[Stored dataset items]
▬▬▬▬▬▬

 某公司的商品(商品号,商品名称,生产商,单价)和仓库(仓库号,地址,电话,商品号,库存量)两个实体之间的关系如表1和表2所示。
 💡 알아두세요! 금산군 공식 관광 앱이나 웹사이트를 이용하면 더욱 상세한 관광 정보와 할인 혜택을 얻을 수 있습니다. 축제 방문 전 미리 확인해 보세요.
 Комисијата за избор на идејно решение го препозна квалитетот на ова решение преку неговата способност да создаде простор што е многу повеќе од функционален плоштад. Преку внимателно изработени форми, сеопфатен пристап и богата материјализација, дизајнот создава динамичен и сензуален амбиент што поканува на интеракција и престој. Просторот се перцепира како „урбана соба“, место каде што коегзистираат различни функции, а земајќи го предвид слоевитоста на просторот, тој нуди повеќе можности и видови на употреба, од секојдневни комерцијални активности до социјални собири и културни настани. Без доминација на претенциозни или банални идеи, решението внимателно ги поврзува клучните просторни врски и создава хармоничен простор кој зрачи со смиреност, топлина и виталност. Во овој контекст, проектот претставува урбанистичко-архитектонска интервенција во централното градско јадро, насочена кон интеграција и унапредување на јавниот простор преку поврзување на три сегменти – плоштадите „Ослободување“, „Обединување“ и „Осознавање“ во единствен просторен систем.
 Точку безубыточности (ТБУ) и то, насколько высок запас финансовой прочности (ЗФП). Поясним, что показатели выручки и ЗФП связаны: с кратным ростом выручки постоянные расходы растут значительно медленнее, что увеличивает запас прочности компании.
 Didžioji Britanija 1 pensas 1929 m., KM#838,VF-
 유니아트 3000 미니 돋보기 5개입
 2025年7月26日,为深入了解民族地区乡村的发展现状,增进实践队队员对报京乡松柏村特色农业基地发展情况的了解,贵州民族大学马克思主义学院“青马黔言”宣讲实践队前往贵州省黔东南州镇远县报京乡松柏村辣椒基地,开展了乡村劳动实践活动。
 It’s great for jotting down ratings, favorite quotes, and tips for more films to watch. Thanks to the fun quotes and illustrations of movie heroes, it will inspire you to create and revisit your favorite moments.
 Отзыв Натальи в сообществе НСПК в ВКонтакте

▬▬▬▬▬▬

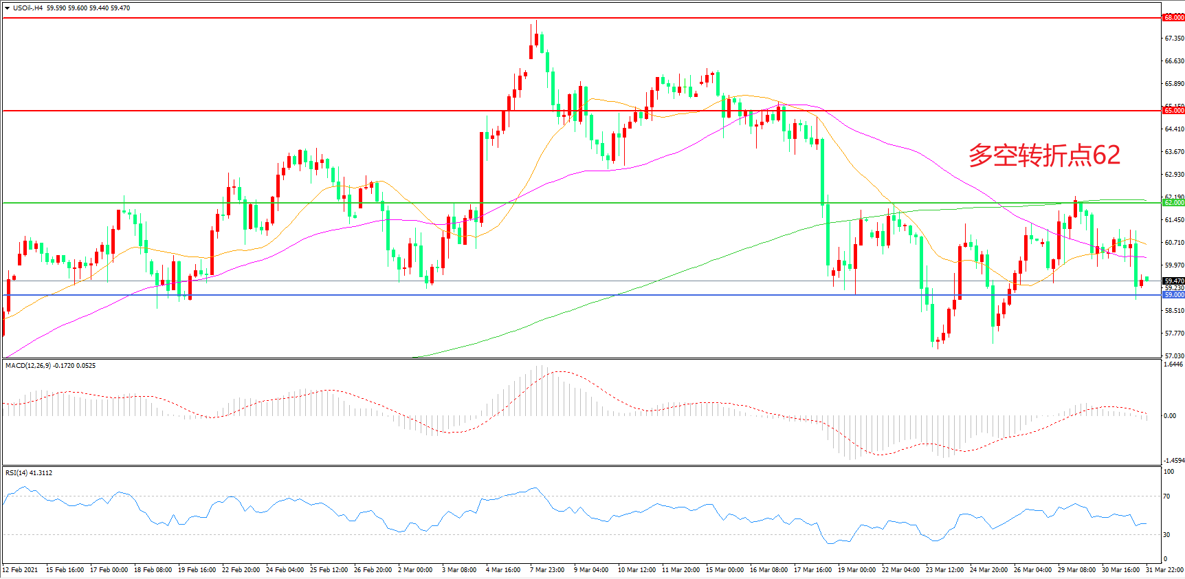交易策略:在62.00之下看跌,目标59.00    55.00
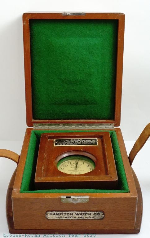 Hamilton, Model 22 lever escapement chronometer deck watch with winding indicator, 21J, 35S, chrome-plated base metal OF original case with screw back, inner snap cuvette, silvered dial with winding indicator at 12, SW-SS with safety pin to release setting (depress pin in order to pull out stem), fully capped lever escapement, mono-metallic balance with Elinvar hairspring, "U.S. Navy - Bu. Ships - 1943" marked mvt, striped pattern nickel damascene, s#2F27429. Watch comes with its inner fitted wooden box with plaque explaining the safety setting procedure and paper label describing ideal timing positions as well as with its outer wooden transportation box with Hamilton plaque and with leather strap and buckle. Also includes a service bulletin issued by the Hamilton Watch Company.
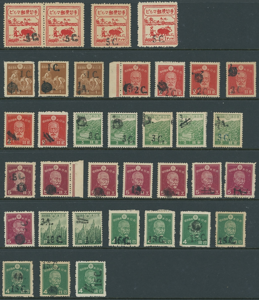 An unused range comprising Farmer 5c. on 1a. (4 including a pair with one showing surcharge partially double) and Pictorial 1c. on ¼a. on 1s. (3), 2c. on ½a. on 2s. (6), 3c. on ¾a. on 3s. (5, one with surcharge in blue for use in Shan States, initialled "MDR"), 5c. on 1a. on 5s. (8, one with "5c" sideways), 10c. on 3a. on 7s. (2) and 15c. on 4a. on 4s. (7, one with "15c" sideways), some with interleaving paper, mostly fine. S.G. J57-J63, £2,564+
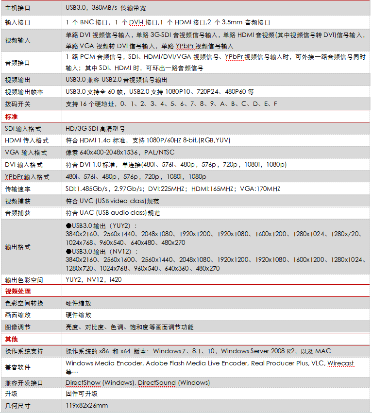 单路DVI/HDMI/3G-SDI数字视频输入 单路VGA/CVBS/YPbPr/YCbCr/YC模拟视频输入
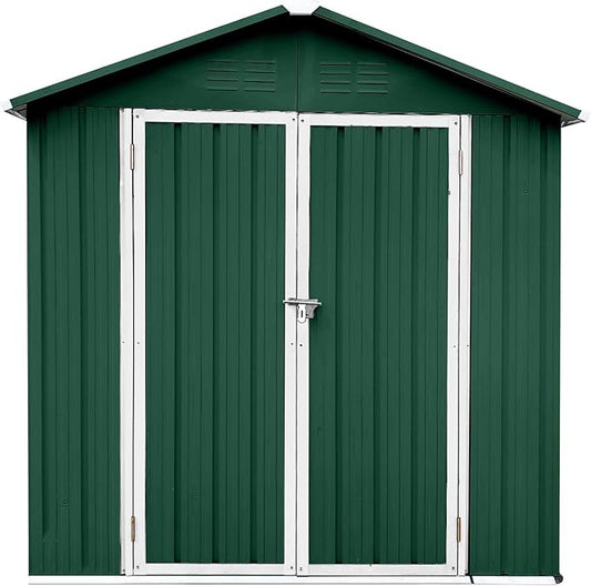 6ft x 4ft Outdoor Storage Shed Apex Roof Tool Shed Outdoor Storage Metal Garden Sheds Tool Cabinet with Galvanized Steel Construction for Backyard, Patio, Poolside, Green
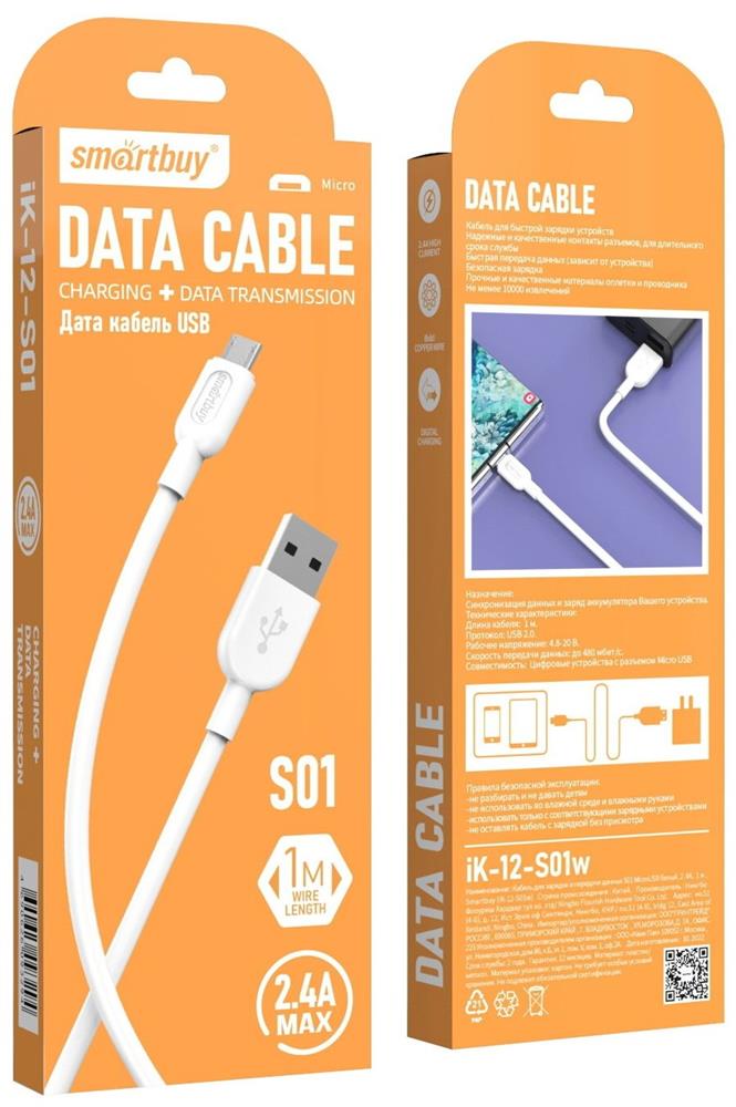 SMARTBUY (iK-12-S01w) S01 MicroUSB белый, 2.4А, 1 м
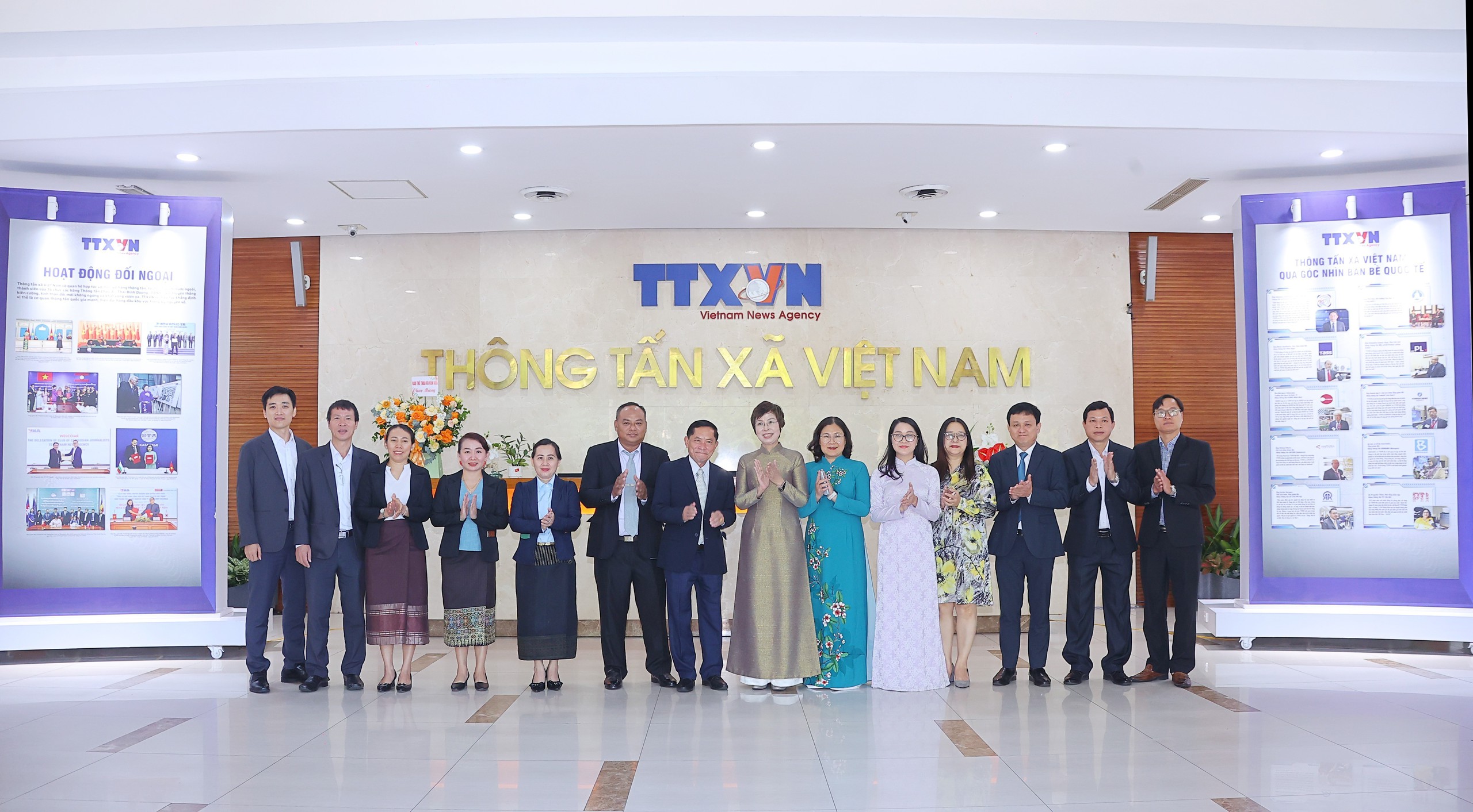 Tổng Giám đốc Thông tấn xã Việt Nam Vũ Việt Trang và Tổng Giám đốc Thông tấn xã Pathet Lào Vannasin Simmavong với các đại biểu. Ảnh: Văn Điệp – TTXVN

▬▬▬▬▬▬

■ Goal of the exercise: Return, unchanged, the run of lines above that opens with the line containing "Точку безубыточности (ТБУ)" and closes with the line containing "It’s great for". Include both.

■ Result:
 Точку безубыточности (ТБУ) и то, насколько высок запас финансовой прочности (ЗФП). Поясним, что показатели выручки и ЗФП связаны: с кратным ростом выручки постоянные расходы растут значительно медленнее, что увеличивает запас прочности компании.
 Didžioji Britanija 1 pensas 1929 m., KM#838,VF-
 유니아트 3000 미니 돋보기 5개입
 2025年7月26日,为深入了解民族地区乡村的发展现状,增进实践队队员对报京乡松柏村特色农业基地发展情况的了解,贵州民族大学马克思主义学院“青马黔言”宣讲实践队前往贵州省黔东南州镇远县报京乡松柏村辣椒基地,开展了乡村劳动实践活动。
 It’s great for jotting down ratings, favorite quotes, and tips for more films to watch. Thanks to the fun quotes and illustrations of movie heroes, it will inspire you to create and revisit your favorite moments.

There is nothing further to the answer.